Due to the sparsity observed in single-cell data (e.g. RNA-seq, ATAC-seq), the visualization of cell features (e.g. gene, peak) is frequently affected and unclear, especially when it is overlaid with clustering to annotate cell types. Nebulosa is an R package to visualize data from single cells based on kernel density estimation. It aims to recover the signal from dropped-out features by incorporating the similarity between cells allowing a “convolution” of the cell features.

2 Import libraries

For this vignette, let’s use Nebulosa with the Seurat package.

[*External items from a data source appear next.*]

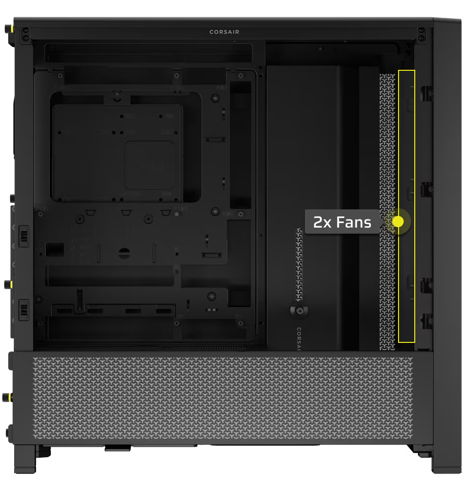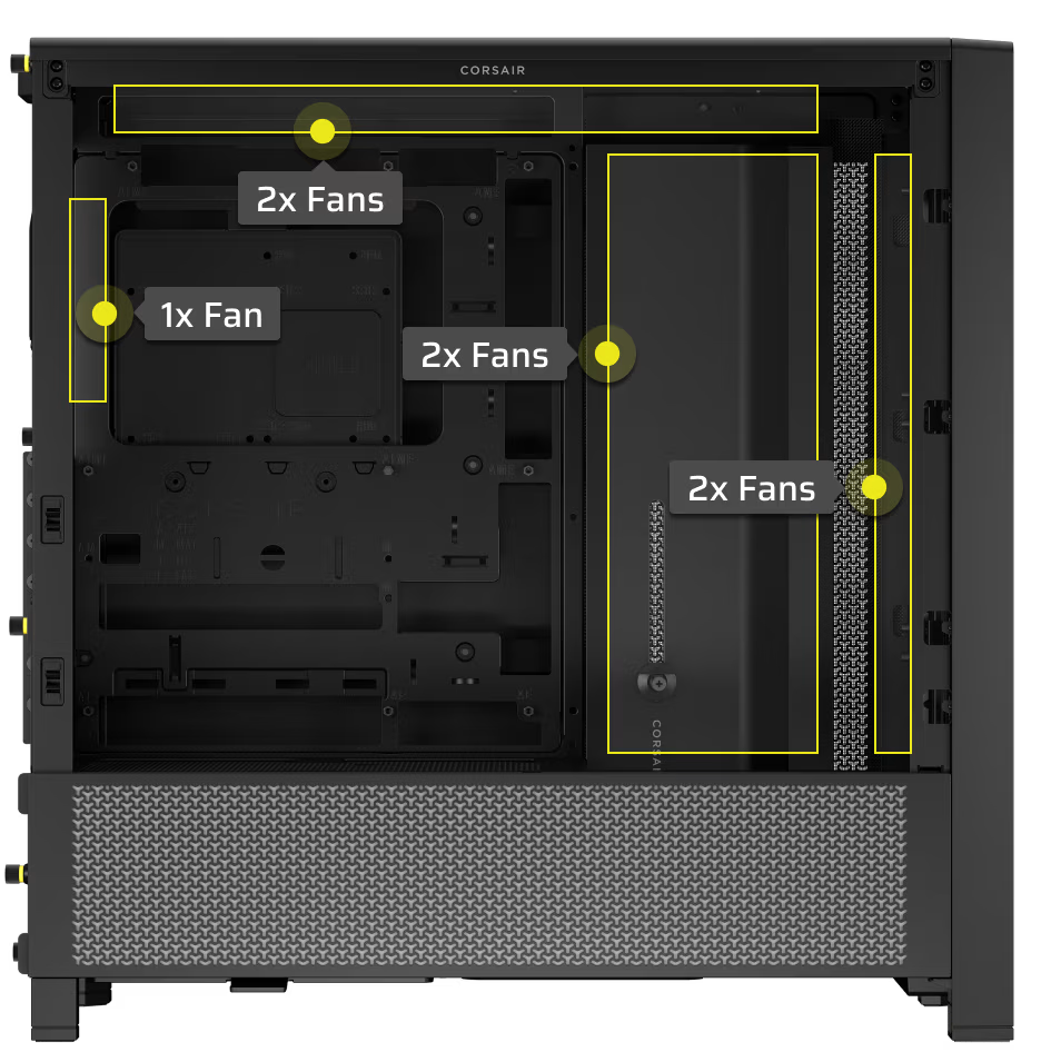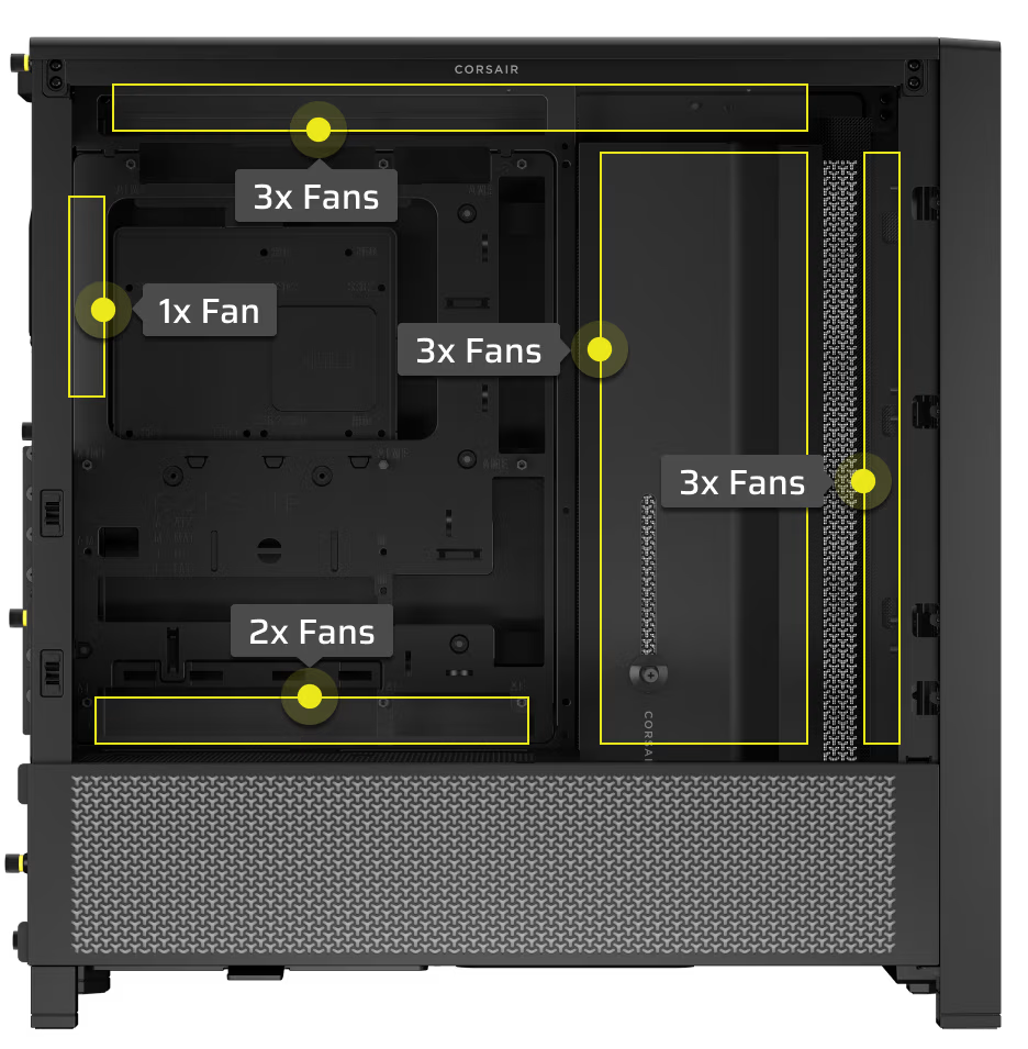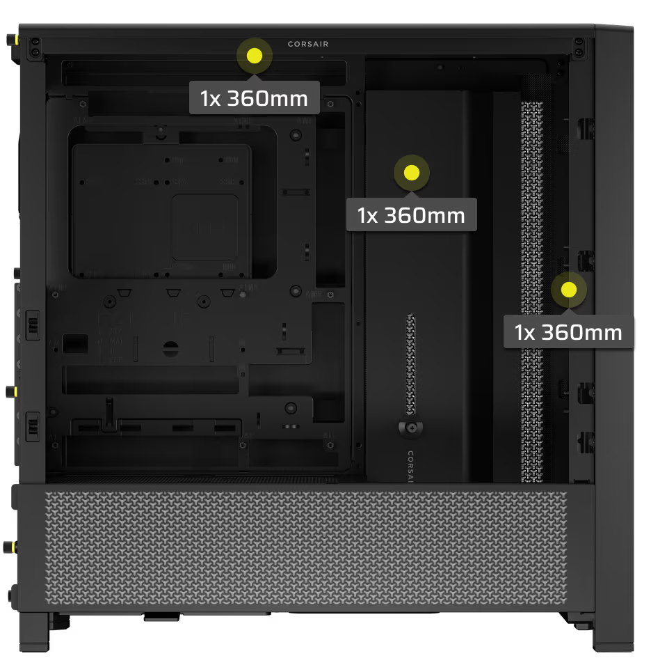 שפרו את הקירור עם שלושה מיקומי התקנה ייעודיים לרדיאטורים בגודל 360 מ"מ – בקדמת המארז, בתקרה ובצד. ניתן להתקין עד 10 מאווררי 120 מ"מ במקביל, כדי לשמור על זרימת אוויר רציפה ופינוי חום יעיל.
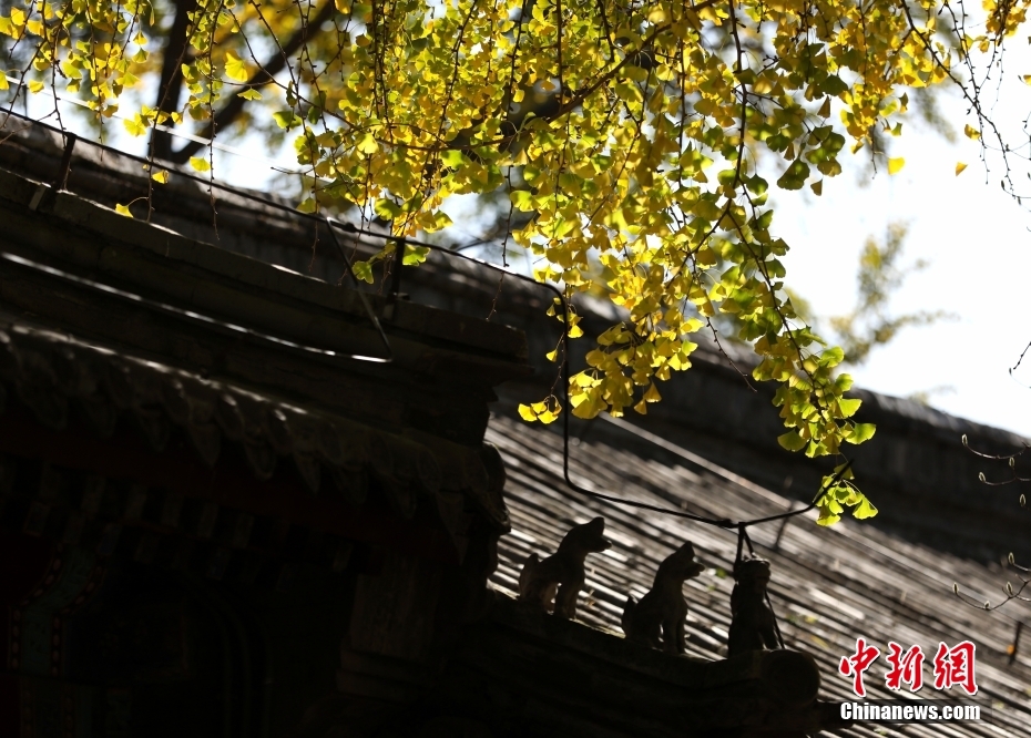 11月6日,北京潭柘寺銀杏葉與屋檐神獸相襯美如畫。眼下,京西潭柘寺景區(qū)進入最美的季節(jié),潭柘寺景區(qū)一年一度的銀杏節(jié)活動——“潮拓里-杏運園游會”成為市民金秋賞葉打卡的好去處。中新社記者 趙雋 攝
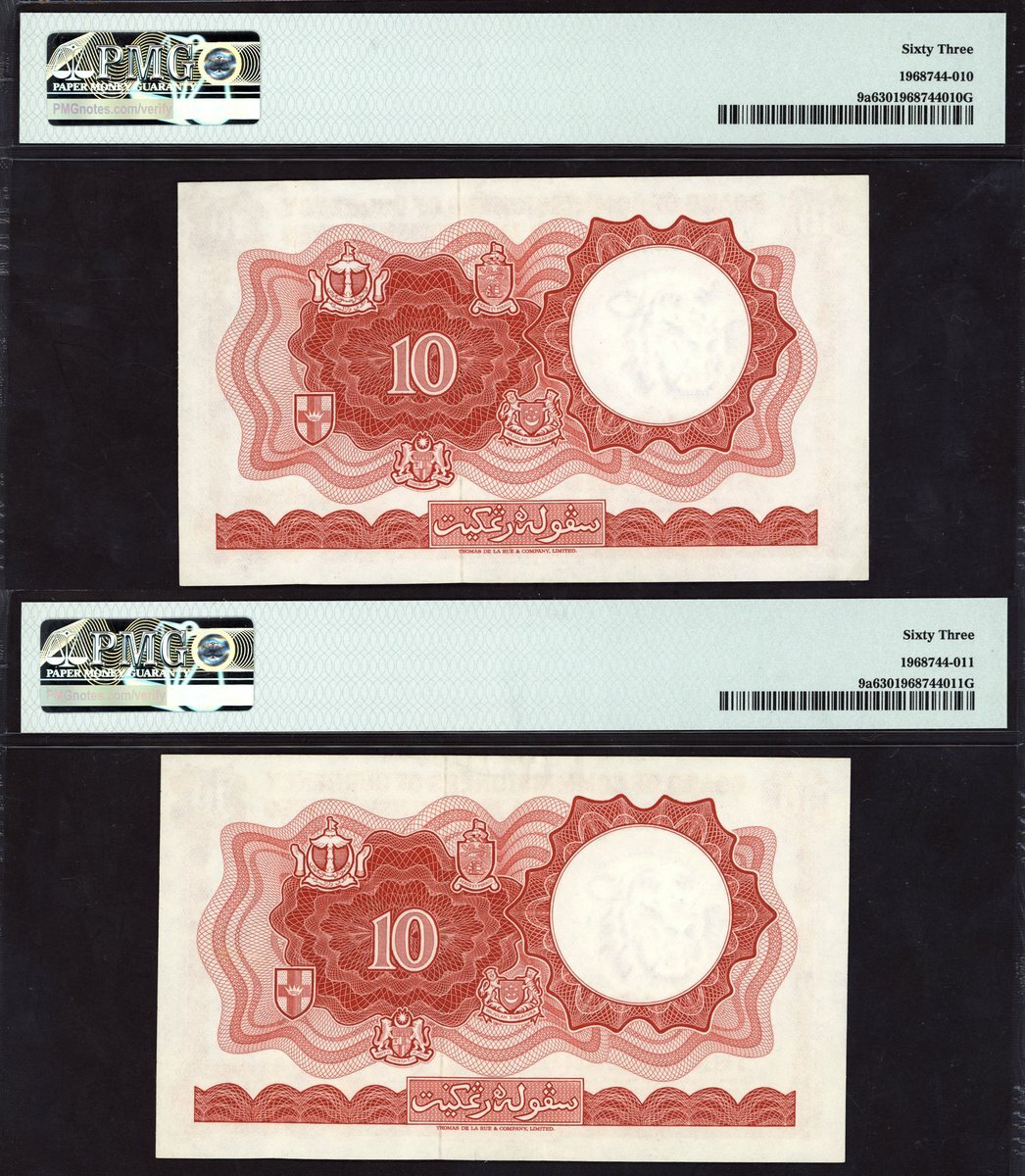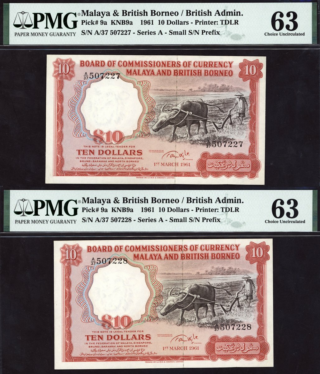 Board of Commissioners of Currency Malaya and British Borneo, consecutive pair 10 dollars, 1st March 1961, serial number A/37 507227-507228, (Pick 9a, KNB 9a, TBB B109a), in PMG holders 63 Choice Uncirculated, rare as consecutive pair (2 notes)

First, we’ll do a brief/standard data processing.

library("Nebulosa")
library("Seurat")
## Loading required package: SeuratObject
## Loading required package: sp
## 
## Attaching package: 'sp'
## The following object is masked from 'package:IRanges':
## 
##     %over%
## 'SeuratObject' was built with package 'Matrix' 1.6.5 but the current
## version is 1.7.0; it is recomended that you reinstall 'SeuratObject' as
## the ABI for 'Matrix' may have changed
## 
## Attaching package: 'SeuratObject'
## The following object is masked from 'package:SummarizedExperiment':
## 
##     Assays
## The following object is masked from 'package:GenomicRanges':
## 
##     intersect
## The following object is masked from 'package:GenomeInfoDb':
## 
##     intersect
## The following object is masked from 'package:IRanges':
## 
##     intersect
## The following object is masked from 'package:S4Vectors':
## 
##     intersect
## The following object is masked from 'package:BiocGenerics':
## 
##     intersect
## The following object is masked from 'package:base':
## 
##     intersect
## 
## Attaching package: 'Seurat'
## The following object is masked from 'package:SummarizedExperiment':
## 
##     Assays
library("BiocFileCache")

3 Data pre-processing

Let’s download a dataset of 3k PBMCs (available from 10X Genomics). This same dataset is commonly used in Seurat vignettes. The code below will download, store, and uncompress the data in a temporary directory.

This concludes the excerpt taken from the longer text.